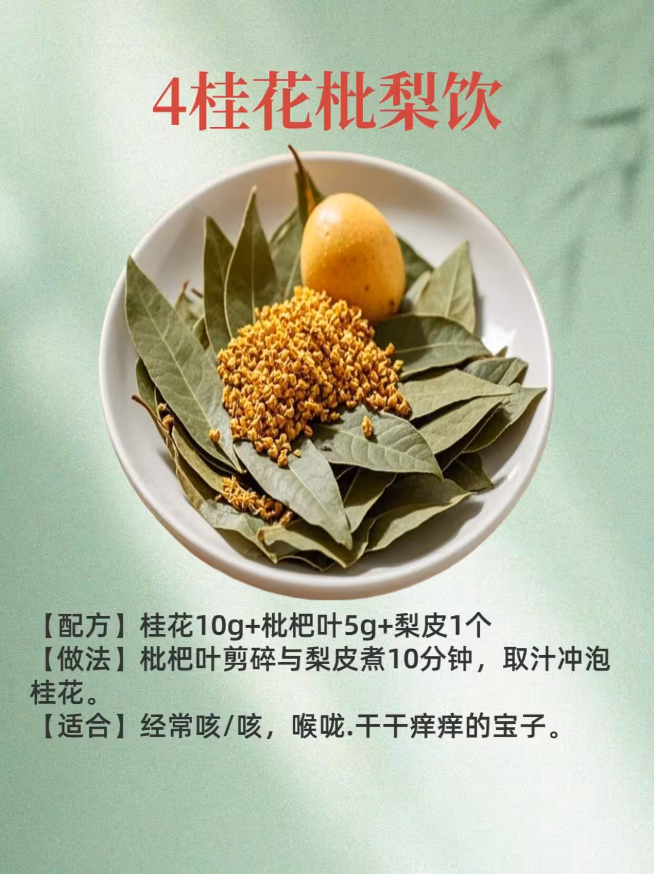 🍐桂花枇梨飲:咳/咳、喉嚨/干/癢的寶子有救啦!桂花、枇杷葉、梨皮煮10分鐘,取汁沖泡桂花,超級棒~
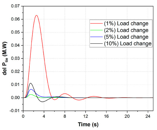 In the robustness analysis, different levels of SLP were applied to area 1. The response comparisons of the system frequency and tie-line power flow between connected areas (del F1 and del Ptieline) are plotted in Figure 11 and Figure 12, respectively.
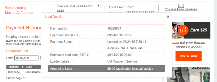 কিছু দিন আগে পেপাল থেকে টাকা পাওনিয়ারে withdraw করা যাচ্ছে না এরকম একটা টিউন করা হয়েছিল। আমি এটা check করার জন্য পেপাল থেকে কিছু টাকা পাওনিয়ারে withdraw করার জন্য request করি। Request করার একদিন পরে তারা আমাকে টাকা payment করে।

● **WORK ORDER**
Would you return the whole listing above exactly as written, skipping any image?

● **WRITTEN REPLY**
 🍐桂花枇梨飲:咳/咳、喉嚨/干/癢的寶子有救啦!桂花、枇杷葉、梨皮煮10分鐘,取汁沖泡桂花,超級棒~
 In the robustness analysis, different levels of SLP were applied to area 1. The response comparisons of the system frequency and tie-line power flow between connected areas (del F1 and del Ptieline) are plotted in Figure 11 and Figure 12, respectively.
 কিছু দিন আগে পেপাল থেকে টাকা পাওনিয়ারে withdraw করা যাচ্ছে না এরকম একটা টিউন করা হয়েছিল। আমি এটা check করার জন্য পেপাল থেকে কিছু টাকা পাওনিয়ারে withdraw করার জন্য request করি। Request করার একদিন পরে তারা আমাকে টাকা payment করে।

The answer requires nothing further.